Деловой махнул рукой и полез в джип. Черно-лаковое чудо автомобилестроения басовито пукнуло и скрылось в кривых переулках окраины.
— А жизнь — она все-таки поле, а перейти боишься, — пробормотал Чапа. — Ну что, перейдем поле вброд и отдохнем на том берегу, в тени деревьев?
Трава оказалась влажной, словно здесь недавно прошел дождь, и джинсы сразу промокли почти до колен. Музыканты без труда пересекли поле и подошли вплотную к проволочному заграждению. За покосившимися столбиками с белыми фарфоровыми плевками изоляторов до самого горизонта, за рваными спиралями Бруно, простиралась подсохшая растрескавшаяся глина. Трава здесь почти не росла, только кое-где из влажных трещин в плотной глинистой почве торчали стеганые, похожие на зеленые телогрейки, листики подорожника.
— Нас ждут на том свете, — провозгласил Мышонок, когда они ступили на рыжую, нашпигованную ржавым железом землю, — но пусть нас там подождут подольше!
Глава 8. Полоса отчуждения. Ржавые Земли
Сделав несколько шагов по липнущей к подошвам почве, Лабух оглянулся. Домишки окраины, колючая проволока — все это пропало, скрылось за горизонтом, как будто если и был Город, то остался далеко-далеко. Да и глина через десяток шагов почему-то высохла, схватилась твердой коркой, прихотливо, но аккуратно, даже изящно, изрезанной трещинками. Лабух потопал, стряхивая налипшую на сапоги грязь, и ногам сразу стало легче. Кое-где попадались длинные песчаные языки — словно шнуры поземки на зимнем асфальте. Потом песка стало больше — плавно потянулись невысокие дюны, перемежающиеся глиняными, присыпанными мелкой рыжей пудрой площадками. Все чаще стали попадаться круглые песчаные пятна с размазанными краями, словно здесь некогда пробегало стадо динозавров. Приглядевшись, Лабух понял, что это воронки, затянутые песком. Из одной такой воронки, как из детской песочницы, торчала ржавая корма старинной боевой машины пехоты с распахнутыми задними десантными дверцами. Мышонок не удержался и сунулся внутрь, рискуя увязнуть в песке, но внутри был тот же песок. Только на ржавой, перекошенной стальной петле болтался почерневший нательный крестик. Чей это был крестик и куда делся некогда носивший его человек, можно было только гадать. Мышонок протянул было к крестику руку, но вовремя спохватился и оставил все, как было. Музыканты пошли дальше, оглядываясь на торчащую из песка, словно позеленевшая буханка, бронемашину. Все-таки, это был какой-никакой ориентир. Наконец и он пропал из вида. Не то передвигались путники с какой-то ненормальной скоростью, не то горизонт здесь был слишком близко, но встречавшиеся по пути ориентиры как-то сразу исчезали вдали. Все чаще попадались смятые серебристые обломки чего-то летучего: может быть, самолетов, а может — ракет, теперь это были просто неаккуратные куски скомканного алюминия.

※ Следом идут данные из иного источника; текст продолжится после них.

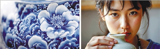 左右图均为AI创作者罗翀用“可灵”等工具,制作的AI非遗文化主题片《瓷韵》的截图。 受访者供图
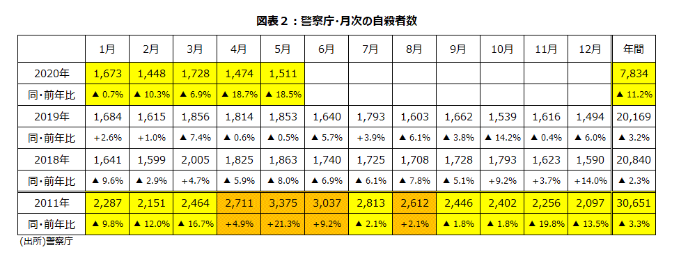 新型コロナウイルス感染拡大対応としての経済活動自粛の影響が完全失業率の上昇要因になった。完全失業率5月分は2.9%(2.88%)、直近ボトムの19年12月の2.2%(2.19%)から5カ月連続上昇してきたが、2%台はキープしている。完全失業率と警察庁「自殺統計」の自殺者数の相関係数を、共通データがある78年~19年で算出すると、0.912と高い。経済生活問題を理由とした自殺も多いからだろう。一部で増加が懸念された5月分の自殺者数は暫定値で1,511人、前年比▲18.5%となった。年初からの累計は7,834人、前年比▲11.2%である(図表2)。また、5月の刑法犯総数は前年同月比で3割強減少している。現在、雇用悪化、自殺者の増加といった事態を回避するための雇用調整助成金の拡充などの政策がそれなりに効いているとみられる状況だ。
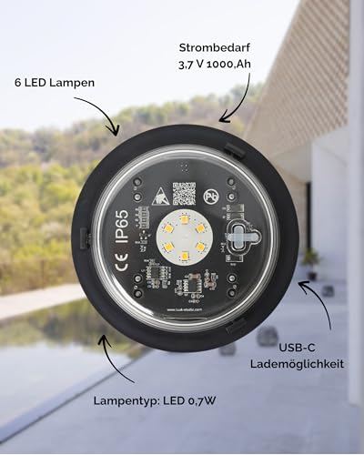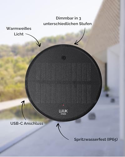 Fragen und Antworten zu LUUK Studio Outdoor Solarmodul mit langer Leuchtdauer, IP65, kabellose Tischleuchte, aufladbar via USB-C und Solar, warmweißes Licht, Boho Stil für Balkon, Terrasse
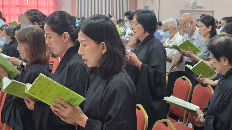 Firstly, we shall first try to develop a sincere and pious mind; calm down our wandering mind. We shall develop a caring and compassionate mind towards both our living and deceased parents. After that, we should broaden our compassion and care to include all sentient beings. Most Venerable Wei Wu also reminded the congregation to sincerely pray for the compassionate blessings of the Triple Gem, so that all sentient beings, our parents, may receive the supreme merits of today's Dharma Assembly and be liberated from suffering to attain happiness. At the same time, before participating in the Dharma Assembly, we should do our best to avoid any activities that may distract us or disturb our peace of mind.
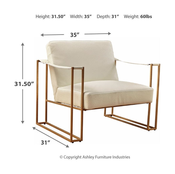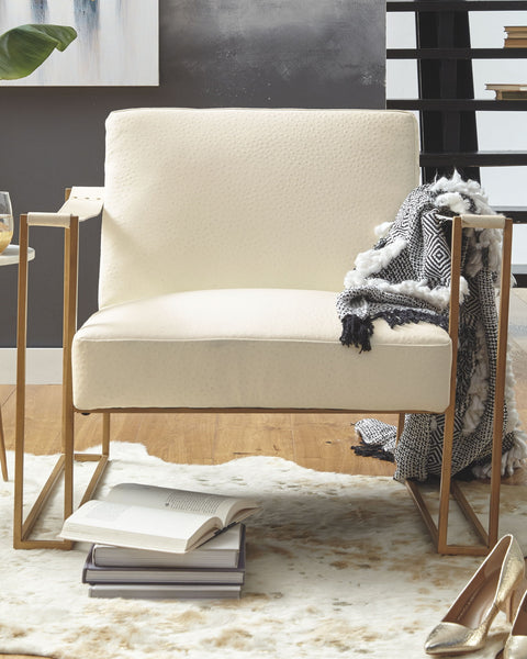 Less is so much more with this ultra-cool accent chair. A mastery in open-concept living, this chair with sturdy metal base is enriched with thickly padded box cushions wrapped in a cream leather with ostrich patterned embossing. Leather armrests are a strapping touch.
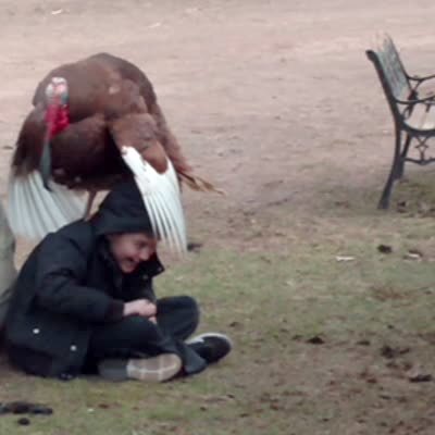 A tot boy looks up close at a turkey before the turkey flaps its wings and scares him. The boy screams as the turkey continues to follow him while his dad pulls him away. The mom admonishes the turkey and says "I will eat you!"
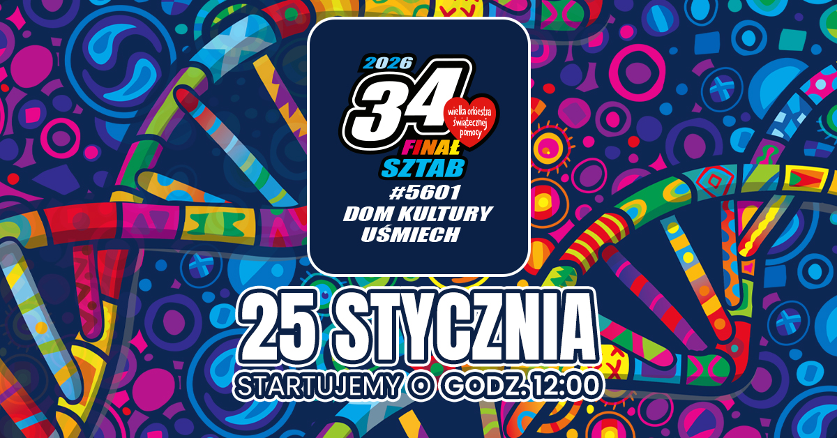 Wielkimi krokami zbliża się 34. Finał WOŚP – dołączcie do nas w Sztabie #5601 w Domu Kultury Uśmiech! Coroczny festiwal charytatywnej energii i pomocy potrzebującym swój tegoroczny finał obchodzi w
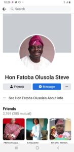 This is to inform the general public that a certain Facebook account with the name, “Hon Fatoba Olusola Steve” being operated by a faceless unscrupulous element with the intent of defrauding members of the public does not belong to Hon. Fatoba Olusola Steve, House of Reps. member representing Ekiti Central Federal Constituency 1.
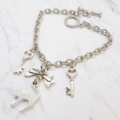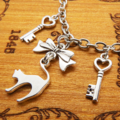 猫、リボン、鍵という女の子の心をくすぐるモチーフを組み合わせた、華やかで物語性のあるブレスレット
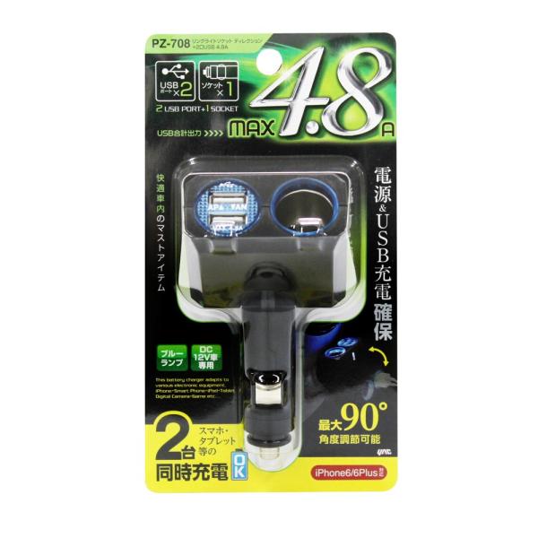 - ◇タブレットもスマートフォンも同時に充電可能。 ◇ソケットの角度を最大90°まで変えて使用可能。 ◇配線が不要。アクセサリー電源ソケットに差し込むだけ。 ◇ソケットリングと通電モニターランプがブルーに光る。 ◇ヒューズ付き(内蔵3A(USB側)・10A(ソケット側))。 ◇USB最大許容出力電流:約4.8A(2台同時充電約2.4A ×2の場合) 【製品詳細】 ■カラー:ブラック ■ソケット最大許容出力電流:7A ■通電モニターランプ付き ブルー光 ■DC12V ■USBポート×2 ■JANコード:4979969009309 ※こちらの商品はお取り寄せ商品となります。製造メーカーにて欠品の場合はお待ちいただくか、 誠に勝手ながらキャンセルをさせていただく場合が御座いますのであらかじめご了承下さい。 【槌屋ヤック USBポート付 増設ソケット】 ■槌屋ヤック PZ-621 3連リングライトソケット+USBポート付プラグ 3m PZ621 ■槌屋ヤック PZ-707 リングライトソケット ツイン+USB 2.4A PZ707 ■槌屋ヤック PZ-708 リングライトソケット ディレクション+2口USB 4.8A PZ708 ■槌屋ヤック PZ-709 リングライトソケット+2口USB 4.8A PZ709 ■槌屋ヤック PZ-711 リングライトソケット ツイン+2口USB 4.8A PZ711 ■槌屋ヤック PZ-788 リバーシブルUSBソケット ディレクション 4.8A PZ788 ■槌屋ヤック PZ-789 リバーシブルUSBソケット セパレート 4.8A PZ789 ■槌屋ヤック PZ-790 リバーシブルUSBソケット ツインディレクション 4.8A PZ790 ■槌屋ヤック PZ-791 リバーシブルUSBソケット ツインセパレート 4.8A PZ791 ■槌屋ヤック PF-325 4連リバーシブルUSB+DCソケット 4.8A PF325 ■槌屋ヤック PF-341 アングルUSBソケット ディレクション 2.4A PF341 ■槌屋ヤック PF-342 アングルUSBツインソケット ディレクション 2.4A PF342 ■槌屋ヤック CE-488 USBツインソケット 4.8A ディレクション 12/24V CE488 ■槌屋ヤック CE-489 USBツインソケット 4.8A セパレート 12/24V CE489 ※他のカー用品をお探しの方はこちらをクリックして下さい。 ※他のソケット・プラグ・USB関連製品をお探しの方はこちらをクリックして下さい。 ※他の車内アクセサリーをお探しの方はこちらをクリックして下さい。 ※他の車載用タブレット・モバイルホルダーをお探しの方はこちらをクリックして下さい。 ※他の携帯充電器・スマホ・iPhone充電器をお探しの方はこちらをクリックして下さい。 キーワード カー用品 車用 カー用品 増設 携帯電話充電器 スマホ充電器 スマートフォン充電器 iPhone充電器 スマートフォン充電器 加熱式タバコ アイコス グロー プルームテック シガーソケット 充電器 コンセント シガーライター カープラグ ソケット プラグ USB ポート 電源 でんげん デンゲン 関連商品槌屋ヤック PF-342 アングルUSBツインソケット ディレクション...アークス AXS X-193 2.4A 2USBポート&ライトニングケ...槌屋ヤック ZE-86 スリムポート ディレクション 2USB+Typ...1,417円1,423円1,455円槌屋ヤック CE-488 USBツインソケット 4.8A ディレクショ...セイワ D612 変換USBリールケーブルC/AtoC D-612【お...セイワ D623 180 USBケーブル CtoC D-623【ネコポ...1,459円1,358円1,477円
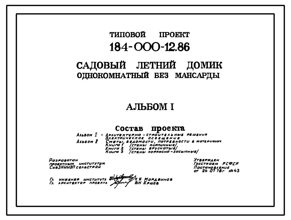 Типовой проект 184-000-12.86 Однокомнатный летний садовый домик. Площадь, м2: общая 14,8, веранды 9,5
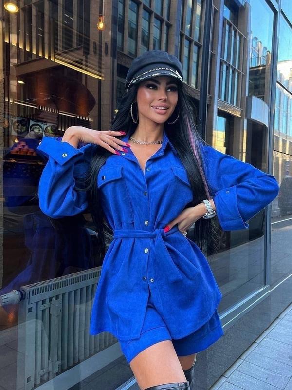 Мод. 1655 Костюм. ✔️Розміри - 42-44, 44-46 ✔️Тканина - Замш на дайвінгу, виробництва Туреччина 🇹🇷 Кольори: барбі, блакитний, електрик, сірий
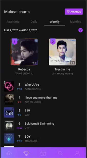 打榜应援与数据支持功能:打榜系统,粉丝可通过完成任务获取“爱心”道具,为偶像投票助力;打榜数据直接对接韩国主流音乐节目的排名体系,粉丝的投票将直接影响偶像的舞台排名和获奖机会,增强应援的实际意义。
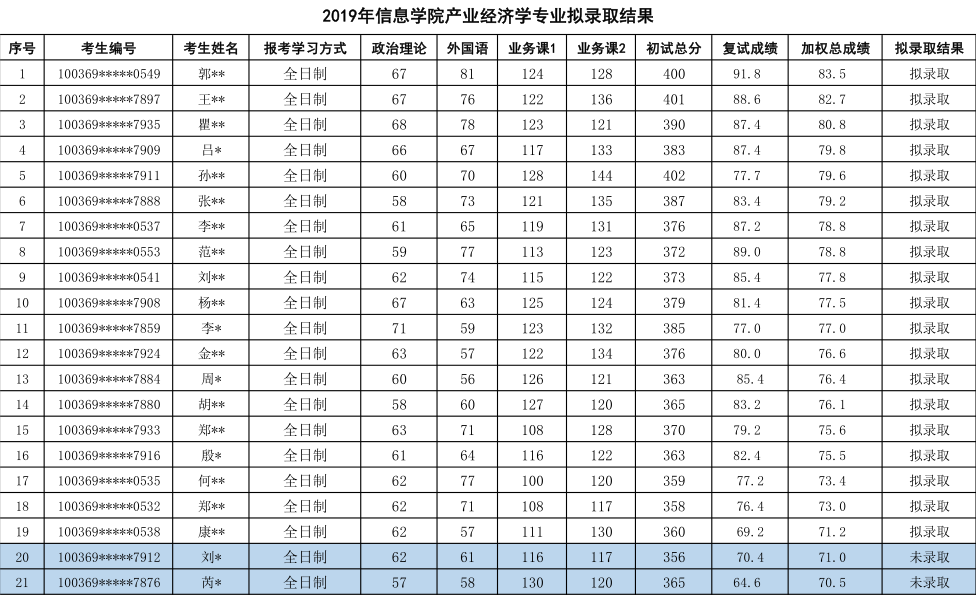 2019年对外经济贸易大学产业经济学(信息学院)专业硕士研究生拟录取名单

Поднялся ветер, и Ржавые Земли от горизонта и до горизонта закурились песком и пылью. Идти стало труднее. Ветер норовил сточить лица идущих, сгладить черты, засыпать пылью глазные впадины и уши. Лабух заметил, что ветер дует не просто так, а словно упорно совершает некую осмысленную работу, потому что невдалеке от них прямо на глазах вырастал песчаный курган. Вскоре остальные песчаные холмы растаяли, съеденные трудолюбивым ветром, и на их месте обнаружились десятки боевых машин различных конструкций и назначения. Тут были и танки с бессильно опущенными длинными стволами, и какие-то ракетные установки с дырявыми тарелками антенн наведения, и странного вида гусеничные многозвенные самоходы-тягачи, и системы залпового огня со связками пусковых труб на платформах. Были уж совсем непонятного назначения шагающие устройства с тяжелыми, метрового диаметра блинами ступней, этакие стальные големы. Может быть, в Ржавых Землях они играли ту же мистическую роль, что и каменные бабы в обычных степях? В нормальной степи Лабуху бывать не доводилось, но где-то он об этом читал. И внезапно стало заметно, что все это железо неторопливо, но целеустремленно Двигается, стягиваясь к песчаному кургану и образуя вокруг него ржавую неровную бахрому. Выполнив свою работу, странный ветер прекратился, сочтя, видимо, что собранного металлолома достаточно, и его теперь уж точно примут в пионеры.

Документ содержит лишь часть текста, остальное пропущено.